── ENTRIES SUPPLIED ──
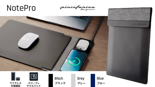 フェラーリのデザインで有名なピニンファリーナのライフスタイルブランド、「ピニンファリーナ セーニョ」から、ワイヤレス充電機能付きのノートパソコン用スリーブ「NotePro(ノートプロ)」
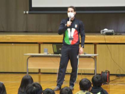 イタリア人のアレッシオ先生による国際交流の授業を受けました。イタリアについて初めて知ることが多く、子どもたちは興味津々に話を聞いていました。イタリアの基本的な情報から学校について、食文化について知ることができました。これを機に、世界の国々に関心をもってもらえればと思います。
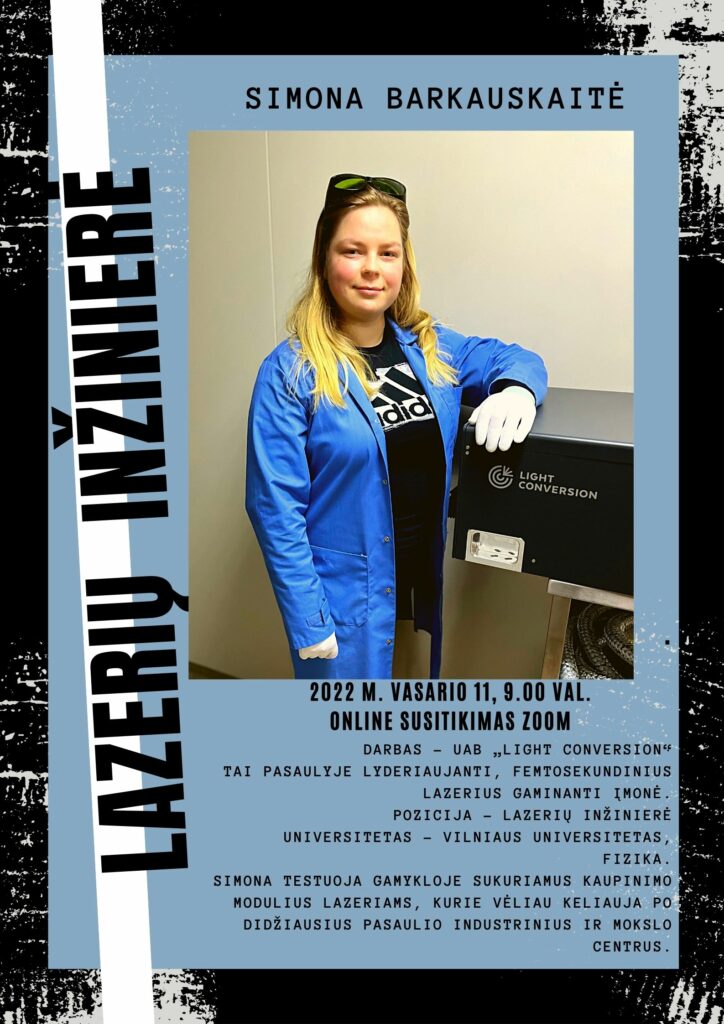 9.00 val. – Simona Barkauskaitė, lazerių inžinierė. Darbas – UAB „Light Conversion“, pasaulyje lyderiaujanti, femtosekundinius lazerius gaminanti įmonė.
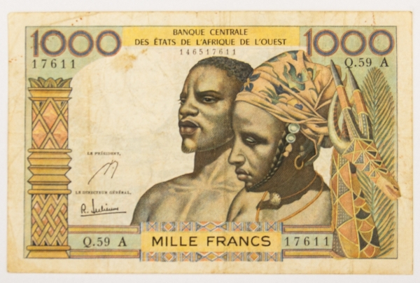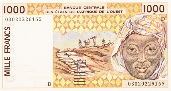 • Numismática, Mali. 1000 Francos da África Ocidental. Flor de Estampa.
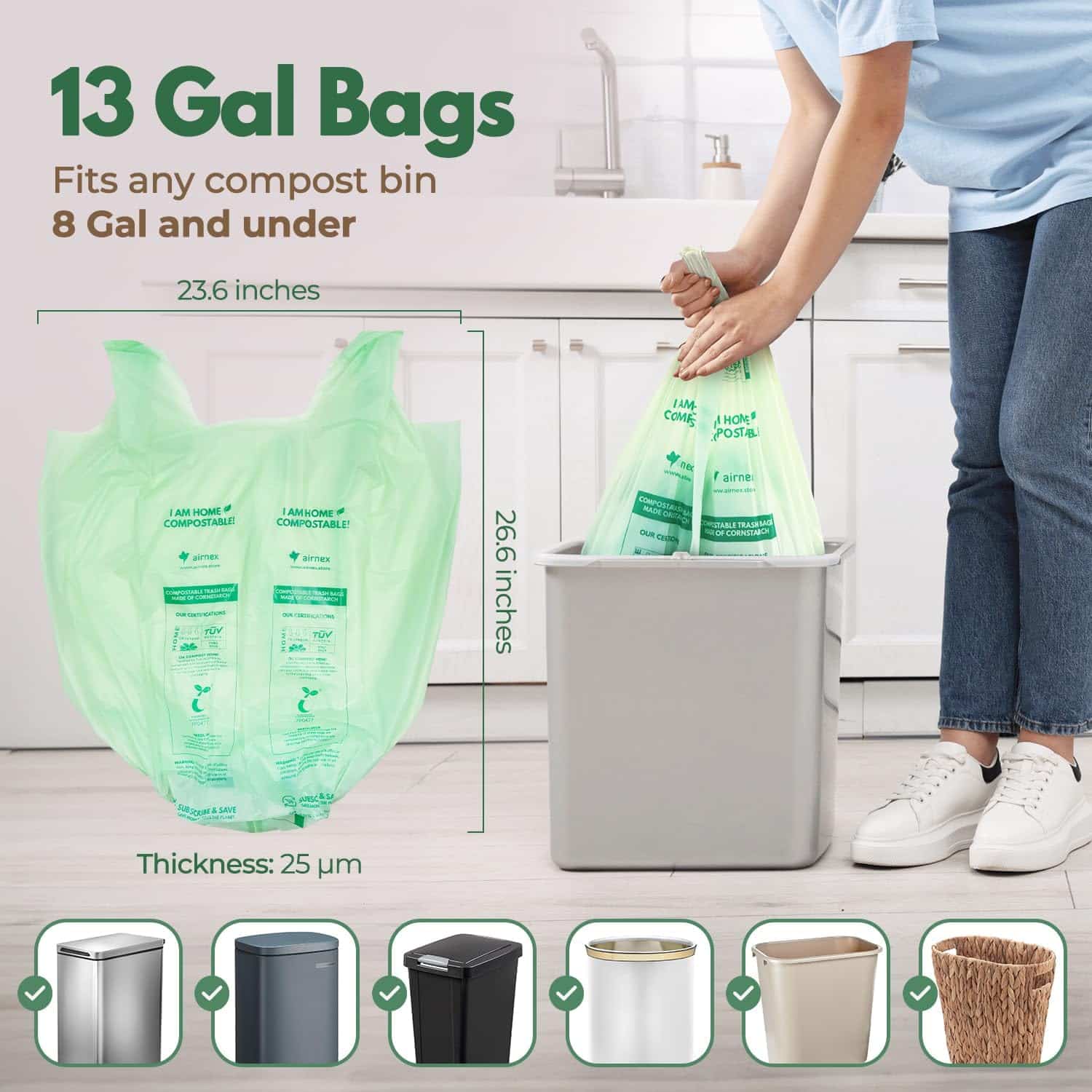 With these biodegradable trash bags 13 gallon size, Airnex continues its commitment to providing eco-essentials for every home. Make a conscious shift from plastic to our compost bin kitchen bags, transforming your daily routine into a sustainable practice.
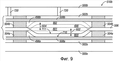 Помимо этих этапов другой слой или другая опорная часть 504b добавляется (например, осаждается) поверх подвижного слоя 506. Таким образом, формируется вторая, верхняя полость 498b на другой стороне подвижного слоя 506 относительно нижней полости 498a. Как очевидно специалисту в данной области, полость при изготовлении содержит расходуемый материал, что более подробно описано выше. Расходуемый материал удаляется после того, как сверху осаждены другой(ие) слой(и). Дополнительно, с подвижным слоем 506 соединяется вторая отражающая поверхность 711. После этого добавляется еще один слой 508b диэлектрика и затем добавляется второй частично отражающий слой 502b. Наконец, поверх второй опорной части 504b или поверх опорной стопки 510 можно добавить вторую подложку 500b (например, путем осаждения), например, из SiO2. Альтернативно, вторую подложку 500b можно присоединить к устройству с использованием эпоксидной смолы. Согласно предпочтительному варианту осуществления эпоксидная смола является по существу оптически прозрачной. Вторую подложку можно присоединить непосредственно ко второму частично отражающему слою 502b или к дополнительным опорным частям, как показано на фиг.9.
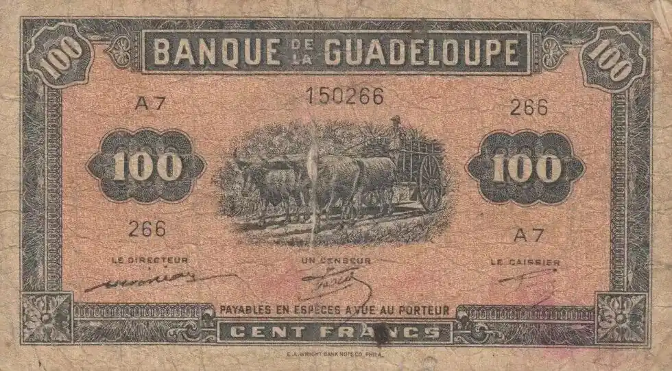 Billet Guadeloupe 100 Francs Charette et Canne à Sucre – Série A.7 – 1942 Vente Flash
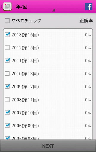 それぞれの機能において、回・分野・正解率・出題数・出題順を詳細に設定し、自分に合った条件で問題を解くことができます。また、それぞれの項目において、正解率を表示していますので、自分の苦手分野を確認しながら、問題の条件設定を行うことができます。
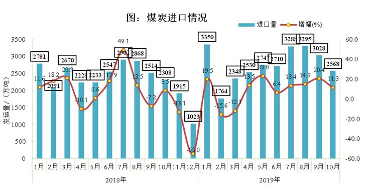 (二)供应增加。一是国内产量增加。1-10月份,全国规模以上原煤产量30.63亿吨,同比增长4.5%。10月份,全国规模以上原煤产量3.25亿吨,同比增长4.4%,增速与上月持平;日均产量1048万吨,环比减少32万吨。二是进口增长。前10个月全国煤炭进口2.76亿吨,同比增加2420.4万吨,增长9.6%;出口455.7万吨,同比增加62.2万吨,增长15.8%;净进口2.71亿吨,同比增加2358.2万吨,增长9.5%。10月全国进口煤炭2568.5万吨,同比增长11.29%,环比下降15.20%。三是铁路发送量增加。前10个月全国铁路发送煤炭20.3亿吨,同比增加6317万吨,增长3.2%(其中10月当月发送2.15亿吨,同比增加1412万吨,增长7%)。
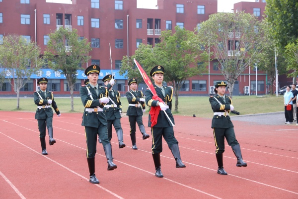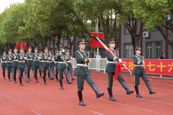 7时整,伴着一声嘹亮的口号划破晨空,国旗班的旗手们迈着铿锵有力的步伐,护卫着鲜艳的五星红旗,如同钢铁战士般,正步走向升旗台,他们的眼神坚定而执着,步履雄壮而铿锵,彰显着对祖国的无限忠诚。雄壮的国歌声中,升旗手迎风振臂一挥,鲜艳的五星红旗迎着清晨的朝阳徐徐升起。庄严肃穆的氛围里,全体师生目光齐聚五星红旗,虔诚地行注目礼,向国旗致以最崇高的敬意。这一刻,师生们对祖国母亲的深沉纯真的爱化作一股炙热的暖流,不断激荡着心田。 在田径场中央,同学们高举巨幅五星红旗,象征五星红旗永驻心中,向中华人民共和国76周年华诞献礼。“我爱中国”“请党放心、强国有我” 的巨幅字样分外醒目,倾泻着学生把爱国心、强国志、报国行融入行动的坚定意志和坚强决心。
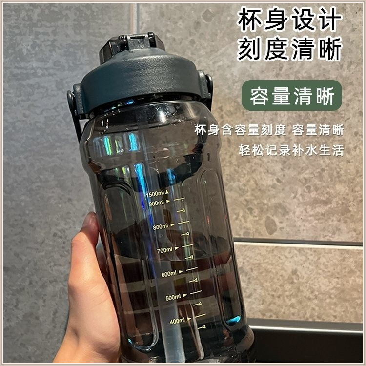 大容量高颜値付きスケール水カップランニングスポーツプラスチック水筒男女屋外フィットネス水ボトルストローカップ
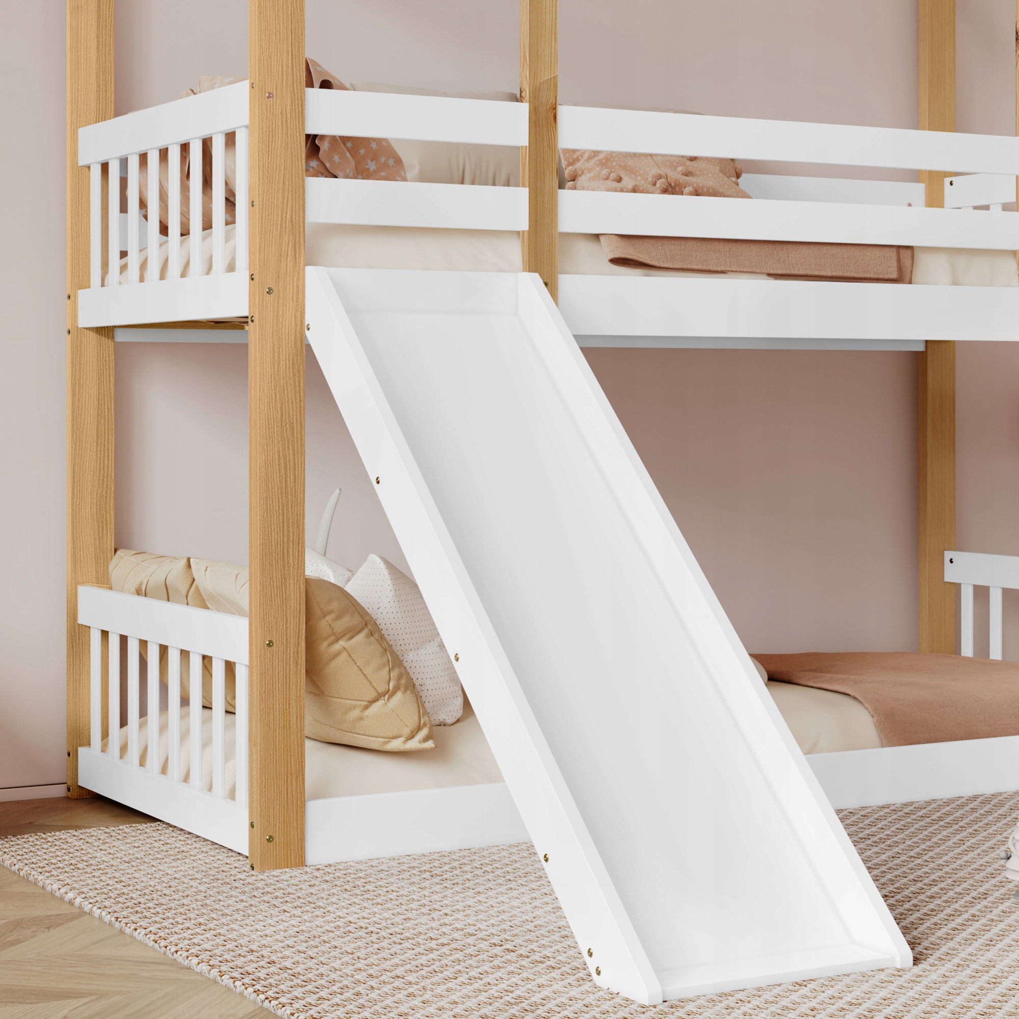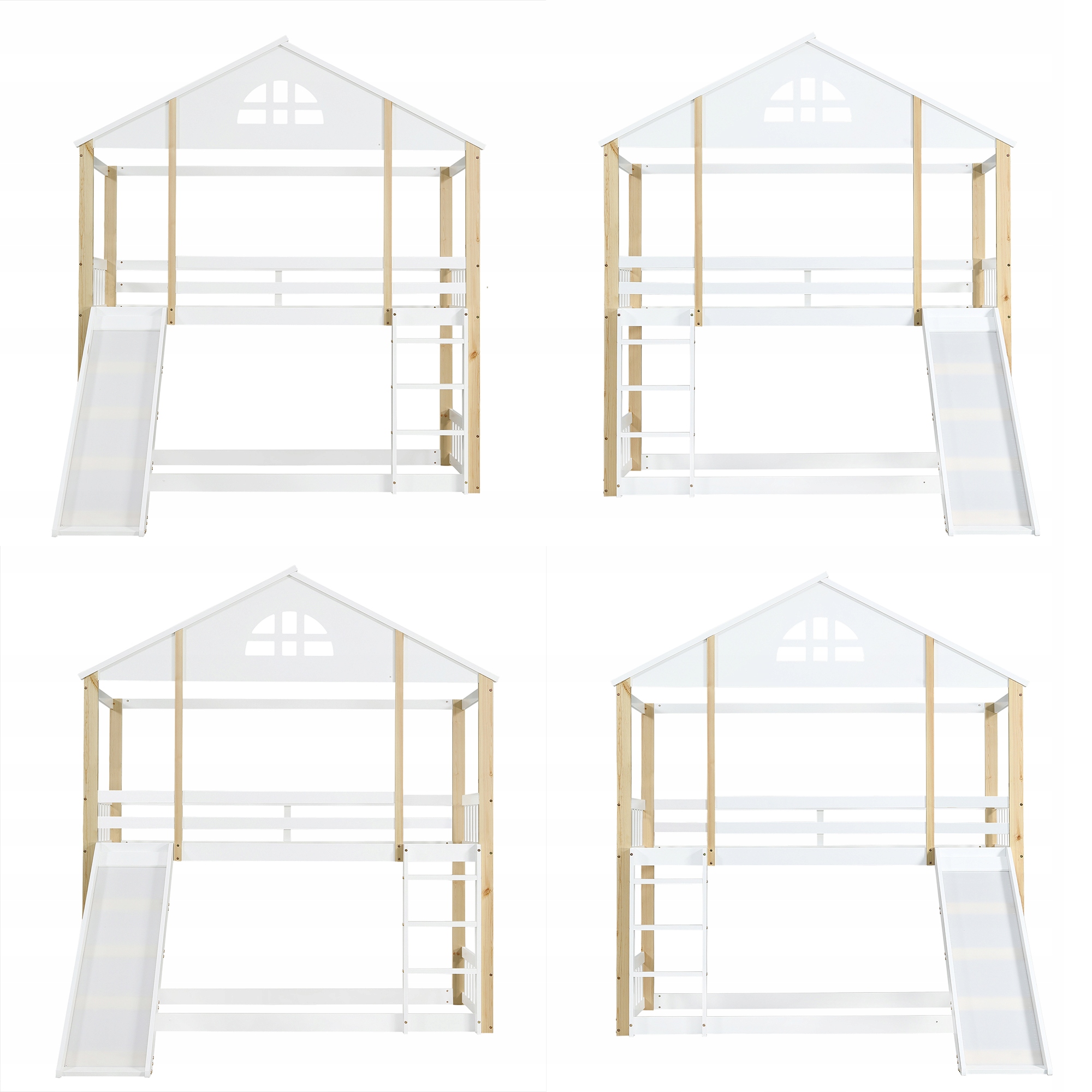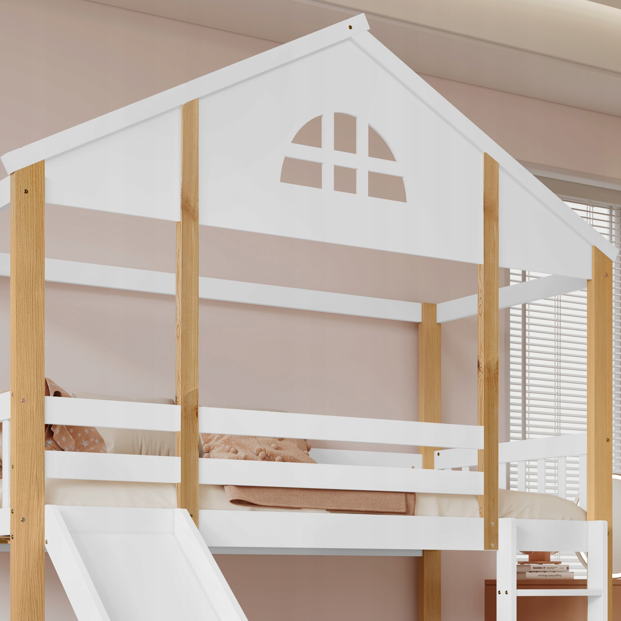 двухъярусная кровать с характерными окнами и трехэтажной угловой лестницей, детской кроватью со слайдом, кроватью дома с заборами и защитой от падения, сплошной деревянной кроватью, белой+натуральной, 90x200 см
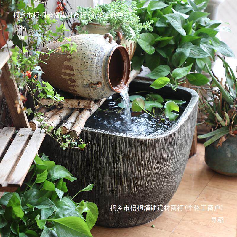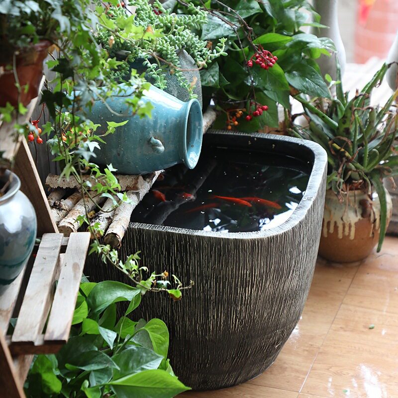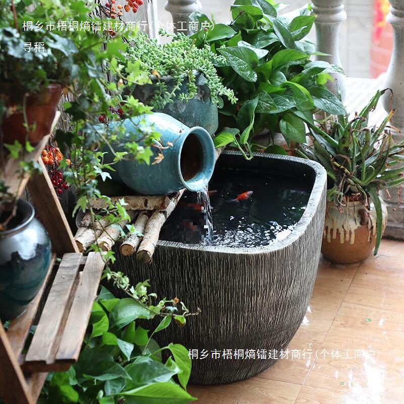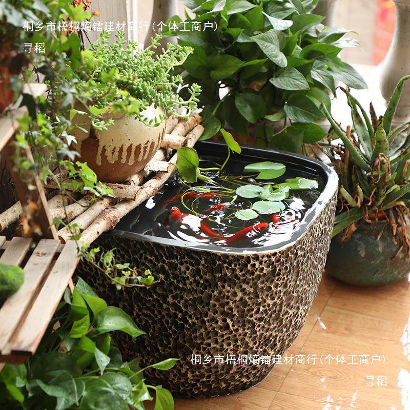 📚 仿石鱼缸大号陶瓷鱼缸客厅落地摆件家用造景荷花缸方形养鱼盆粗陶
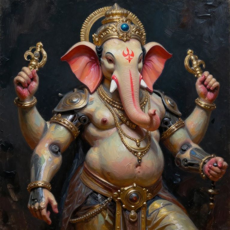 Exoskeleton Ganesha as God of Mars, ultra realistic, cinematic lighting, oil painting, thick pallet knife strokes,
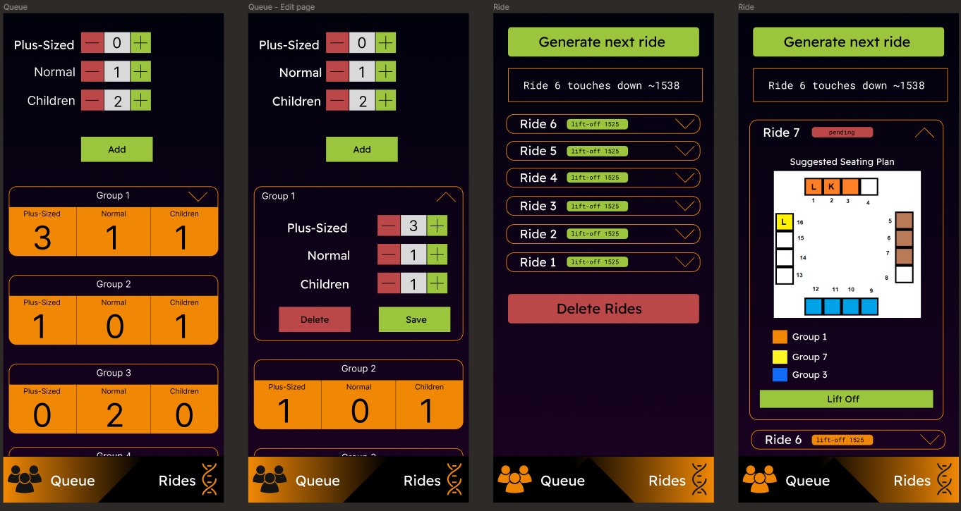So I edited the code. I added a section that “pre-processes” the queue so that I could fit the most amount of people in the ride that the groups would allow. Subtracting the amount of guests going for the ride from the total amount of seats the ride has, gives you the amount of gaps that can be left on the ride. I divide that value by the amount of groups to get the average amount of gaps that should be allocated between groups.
───
EXERCISE PROMPT
All lines from the one containing "大容量高颜値付きスケール水カ" through the final line of the records are to be retyped exactly; no other lines and no pictures are to be included.

SOLUTION TO THIS EXERCISE
 大容量高颜値付きスケール水カップランニングスポーツプラスチック水筒男女屋外フィットネス水ボトルストローカップ
 двухъярусная кровать с характерными окнами и трехэтажной угловой лестницей, детской кроватью со слайдом, кроватью дома с заборами и защитой от падения, сплошной деревянной кроватью, белой+натуральной, 90x200 см
 📚 仿石鱼缸大号陶瓷鱼缸客厅落地摆件家用造景荷花缸方形养鱼盆粗陶
 Exoskeleton Ganesha as God of Mars, ultra realistic, cinematic lighting, oil painting, thick pallet knife strokes,
So I edited the code. I added a section that “pre-processes” the queue so that I could fit the most amount of people in the ride that the groups would allow. Subtracting the amount of guests going for the ride from the total amount of seats the ride has, gives you the amount of gaps that can be left on the ride. I divide that value by the amount of groups to get the average amount of gaps that should be allocated between groups.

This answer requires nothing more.